Your specific approach to altering floodfillque also has a performance bug -- it behaves quadratically, while sound logic (building a new container rather than altering the original one) would behave linearly. But, that bug is harder to fix without refactoring your code from the current not-so-nice logic to the new, well-founded one.
Here's what's happening:
On the first iteration of the loop, each is [1, 1, 'e']. Since each[2] != 'w', the else is executed.
In the else, you take each[0+1][1], which is the same as (each[0+1])[1]. each[0+1] is 1, and so you are doing (1)[1]. int objects can't be indexed, which is what's raising the error.
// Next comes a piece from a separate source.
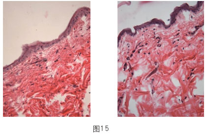 我們做了大白鼠試驗,喂養(yǎng)的兩批老鼠都是300天的成年白鼠,一組吃膳素,10%的;一組對照,同樣的量喂養(yǎng),喂到826天,喂再生物質(zhì)的這組除去兩個拉肚子死亡的,剩下都活著。  而對照的那一組,只有一只活到826天,其他都在550天左右死亡。把所有臟器做組織切片(圖15),試驗組老鼠的皮膚
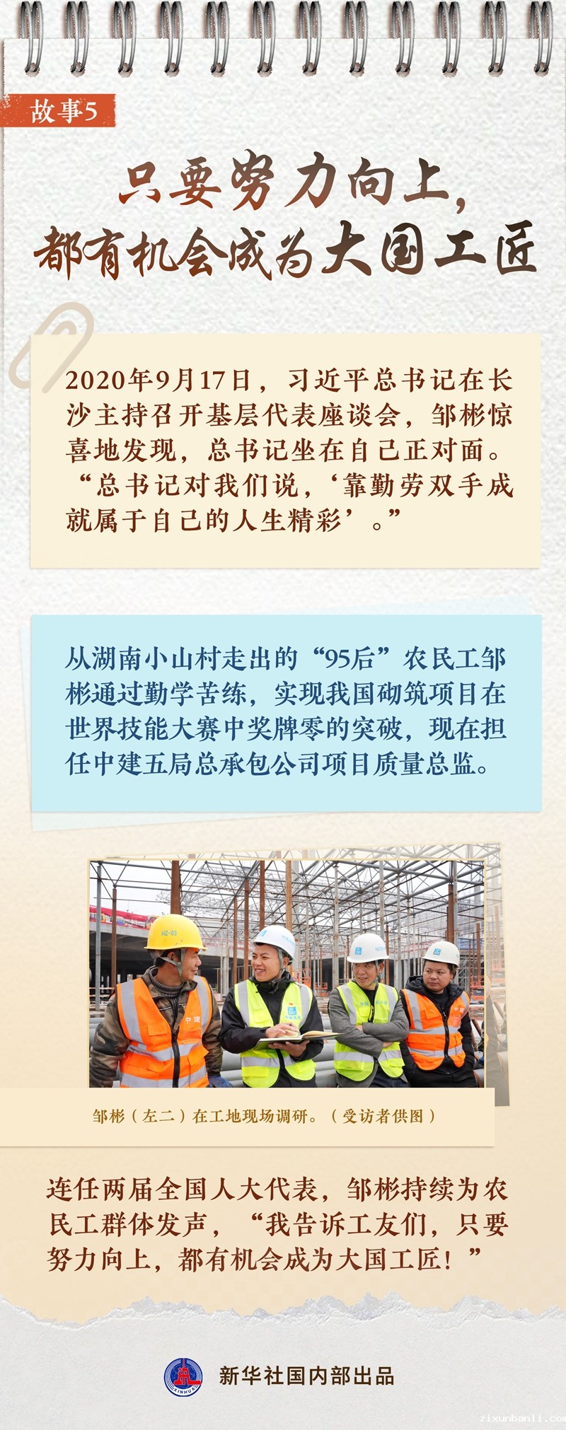新华社3月2日播发通讯《总书记的嘱托激励我们一路向前——来自全国两会代表委员的心声》。全国两会前夕,新华社记者回访21位代表委员,听他们讲述履职故事,回望攻坚克难的奋斗足迹,传递人民群众的殷切期盼,描绘高质量发展新的蓝图,激荡民族复兴的火热情怀。记者从中选取一部分故事与大家分享。

Does the floodfillque[each[0+1] part
do what I think it is doing and taking
the value at that location and adding
one to it or no?
No, it sounds like you want each[0] + 1.
Either way, the error you're getting is because you're trying to take the second item of an integer... each[0+1][1] resolves to each[1][1] which might be something like 3[1], which doesn't make any sense.
The other posters are correct. However, there is another bug in this code, which is that you are modifying floodfillque as you are iterating over it. This will cause problems, because Python internally maintains a counter to handle the loop, and deleting elements does not modify the counter.
The safe way to do this is to iterate of a copy of the loop:
for each in floodfillque[ : ]:
([ : ] is Python's notation for a copy.)
Here is how I understand NoahClark's intentions:
Remove those sublists whose third element is 'w'
For the remaining sublist, add 1 to the second item
If this is the case, the following will do:
# Here is the original list
floodfillque = [[1,1,'e'], [1,2,'w'], [1,3,'e'], [2,1,'e'], [2,2,'e'], [2,3,'w']]
# Remove those sublists which have 'w' as the third element
# For the rest, add one to the second element
floodfillque = [[a,b+1,c] for a,b,c in floodfillque if c != 'w']
This solution works fine, but it is not the most efficient: it creates a new list instead of patching up the original one.